Read more about lung cancer on Reuters.com

  • Pfizer's experimental drug misses main goal of lung cancer trial
  • Jazz Pharmaceuticals lung cancer drug fails main trial goal
  • Akeso lung cancer drug helps patients live 15% longer than immunotherapy in China trial
  • Kelun, Merck's lung cancer combo improves survival in late-stage China trial
 

Cancer is found later more often in men 

Cancer is found at late stages more often in men than in women, according to a U.S. study that may provide insight into gender discrepancies in cancer outcomes since the more advanced the disease at diagnosis, the worse the prognosis tends to be.

Reviewing more than 2.4 million cases diagnosed from 2015 to 2022, researchers identified 16 cancers in which men were significantly more likely than women to be diagnosed after the disease had spread to local lymph nodes.

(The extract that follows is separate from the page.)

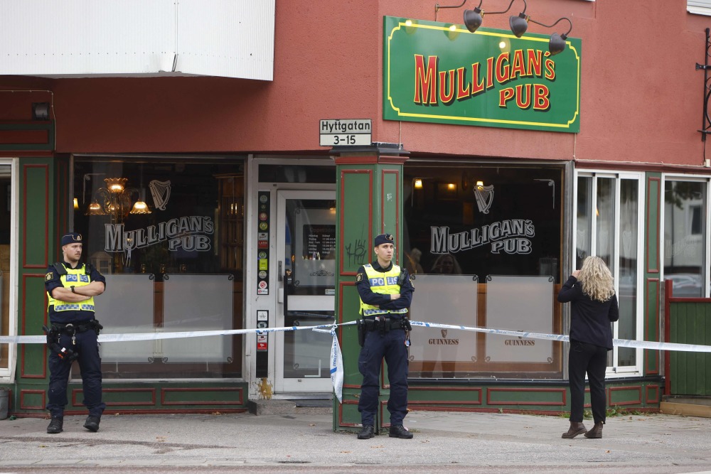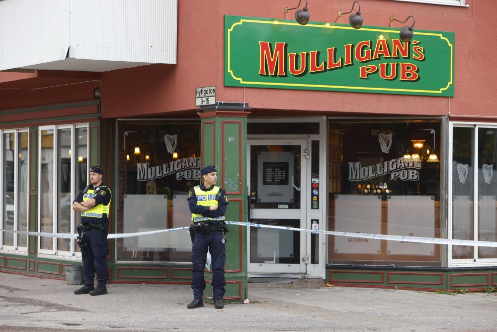 9月22日,在瑞典桑德维肯,警察在发生枪击事件的酒吧外警戒。新华社/法新

Such regional-stage diagnoses were 151% more likely in men than in women with tongue cancer, 93% more likely with salivary gland cancer, 80% more likely with oropharyngeal cancer, 74% more likely with thyroid cancer, and 67% more likely with stomach cancer, researchers noted in a report in Cancer Epidemiology, Biomarkers & Prevention.

Late-stage cancers that have spread to other organs were also more common than localized tumors in men versus women for 17 cancer sites, with the largest differences seen in melanoma and cancers of the tongue, thyroid, salivary gland, and stomach.

For a small number of cancer sites – including the larynx and the bladder – men were less likely than women to be diagnosed at later stages.

These patterns persisted across different races, ethnicities and neighborhood income levels.

One explanation could be differences in cancer screening rates, study leader Beth Maclin of the U.S. National Cancer Institute said in a statement.

And women see doctors more often than men, which could mean more opportunities for clinicians to catch cancer symptoms earlier, she noted. Clinicians may also perceive cancer symptoms differently in males and females, leading to different types of diagnostic tests, she added.